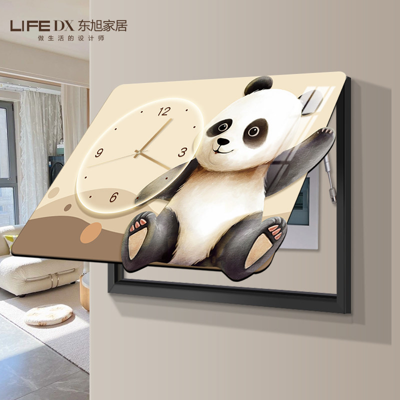电表箱装饰画带钟表熊猫配电箱遮挡挂画电闸盒开关餐厅时钟壁画
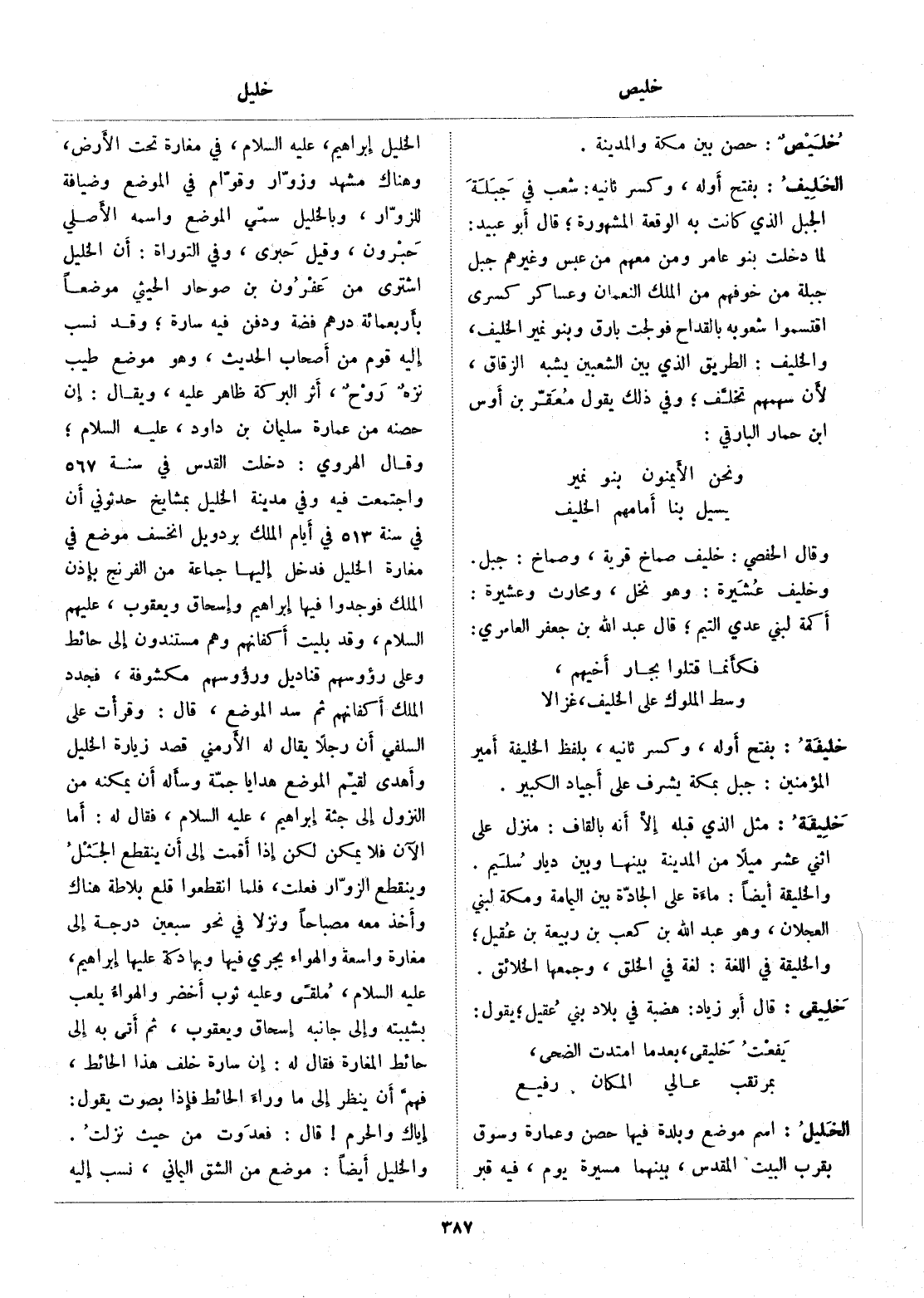 اسم موضع وبلدة فيها حصن وعمارة وسوق بقرب البيت المقدس، بينهما مسيرة يوم، فيه قبر الخليل إبراهيم، عليه السلام، في مغارة تحت الأرض، وهناك مشهد وزوّار وقوّام في الموضع وضيافة للزوّار، وبالخليل سمّي الموضع واسمه الأصلي حبرون، وقيل حبرى، وفي التوراة: أن الخليل اشترى من عفرون بن صوحار الحيثي موضعا بأربعمائة درهم فضة ودفن فيه سارة، وقد نسب إليه قوم من أصحاب الحديث، وهو موضع طيب نزه روح، أثر البركة ظاهر عليه، ويقال: إن حصنه من عمارة سليمان بن داود، عليه السلام، وقال الهروي: دخلت القدس في سنة 567 واجتمعت فيه وفي مدينة الخليل بمشايخ حدثوني أن في سنة 513 في أيام الملك بردويل انخسف موضع في مغارة الخليل فدخل إليها جماعة من الفرنج بإذن الملك فوجدوا فيها إبراهيم وإسحاق ويعقوب، عليهم السلام، وقد بليت أكفانهم وهم مستندون إلى حائط وعلى رؤوسهم قناديل ورؤوسهم مكشوفة، فجدد الملك أكفانهم ثم سد الموضع، قال: وقرأت على السلفي أن رجلا يقال له الأرمني قصد زيارة الخليل وأهدى لقيّم الموضع هدايا جمّة وسأله أن يمكنه من النزول إلى جثة إبراهيم، عليه السلام، فقال له: أما الآن فلا يمكن لكن إذا أقمت إلى أن ينقطع الجثل وينقطع الزوّار فعلت، فلما انقطعوا قلع بلاطة هناك وأخذ معه مصباحا ونزلا في نحو سبعين درجة إلى مغارة واسعة والهواء يجري فيها وبها دكة عليها إبراهيم، عليه السلام، ملقّى وعليه ثوب أخضر والهواء يلعب بشيبته وإلى جانبه إسحاق ويعقوب، ثم أتى به إلى حائط المغارة فقال له: إن سارة خلف هذا الحائط، فهمّ أن ينظر إلى ما وراء الحائط فإذا بصوت يقول:
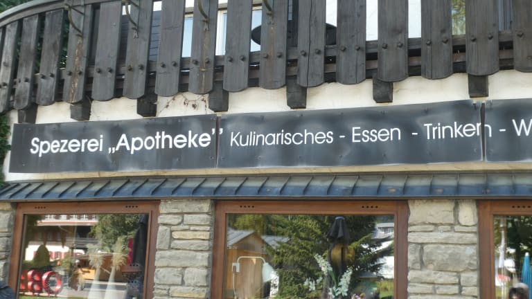 In der Freiherr-von-Brutscher-Strasse 1 in Oberstdorf befindet sich „Die Spezerei“. Es gibt Sitzplätze im Innenraum und im Freien vor der Spezerei mit Blick in Richtung zum Kurpark und zur Kirche. Es ist eine Mischung aus Café, Bistro, Vinothek, Bar, Gartenwirtschaft und vielleicht auch noch mehr. Zwischen dem Erdgeschoss und dem ersten Stock steht geschrieben: Spezerei „Apotheke“ Kulinarisches – Essen – Trinken – Wohnen – Garten – Kunst. Von den Plätzen im Freien hat man einen guten Ausblick auf den Kurpark und die Umgebung. Der Service war sehr freundlich und nett, jedoch sind mir die Preise bei der Spezerei recht hoch vorgekommen.
--*--
Assignment. Leave out the pictures, and retype exactly the lines from the one containing "اسم موضع وبلدة" through the last line of the data above, no more and no less.

Result.
 اسم موضع وبلدة فيها حصن وعمارة وسوق بقرب البيت المقدس، بينهما مسيرة يوم، فيه قبر الخليل إبراهيم، عليه السلام، في مغارة تحت الأرض، وهناك مشهد وزوّار وقوّام في الموضع وضيافة للزوّار، وبالخليل سمّي الموضع واسمه الأصلي حبرون، وقيل حبرى، وفي التوراة: أن الخليل اشترى من عفرون بن صوحار الحيثي موضعا بأربعمائة درهم فضة ودفن فيه سارة، وقد نسب إليه قوم من أصحاب الحديث، وهو موضع طيب نزه روح، أثر البركة ظاهر عليه، ويقال: إن حصنه من عمارة سليمان بن داود، عليه السلام، وقال الهروي: دخلت القدس في سنة 567 واجتمعت فيه وفي مدينة الخليل بمشايخ حدثوني أن في سنة 513 في أيام الملك بردويل انخسف موضع في مغارة الخليل فدخل إليها جماعة من الفرنج بإذن الملك فوجدوا فيها إبراهيم وإسحاق ويعقوب، عليهم السلام، وقد بليت أكفانهم وهم مستندون إلى حائط وعلى رؤوسهم قناديل ورؤوسهم مكشوفة، فجدد الملك أكفانهم ثم سد الموضع، قال: وقرأت على السلفي أن رجلا يقال له الأرمني قصد زيارة الخليل وأهدى لقيّم الموضع هدايا جمّة وسأله أن يمكنه من النزول إلى جثة إبراهيم، عليه السلام، فقال له: أما الآن فلا يمكن لكن إذا أقمت إلى أن ينقطع الجثل وينقطع الزوّار فعلت، فلما انقطعوا قلع بلاطة هناك وأخذ معه مصباحا ونزلا في نحو سبعين درجة إلى مغارة واسعة والهواء يجري فيها وبها دكة عليها إبراهيم، عليه السلام، ملقّى وعليه ثوب أخضر والهواء يلعب بشيبته وإلى جانبه إسحاق ويعقوب، ثم أتى به إلى حائط المغارة فقال له: إن سارة خلف هذا الحائط، فهمّ أن ينظر إلى ما وراء الحائط فإذا بصوت يقول:
 In der Freiherr-von-Brutscher-Strasse 1 in Oberstdorf befindet sich „Die Spezerei“. Es gibt Sitzplätze im Innenraum und im Freien vor der Spezerei mit Blick in Richtung zum Kurpark und zur Kirche. Es ist eine Mischung aus Café, Bistro, Vinothek, Bar, Gartenwirtschaft und vielleicht auch noch mehr. Zwischen dem Erdgeschoss und dem ersten Stock steht geschrieben: Spezerei „Apotheke“ Kulinarisches – Essen – Trinken – Wohnen – Garten – Kunst. Von den Plätzen im Freien hat man einen guten Ausblick auf den Kurpark und die Umgebung. Der Service war sehr freundlich und nett, jedoch sind mir die Preise bei der Spezerei recht hoch vorgekommen.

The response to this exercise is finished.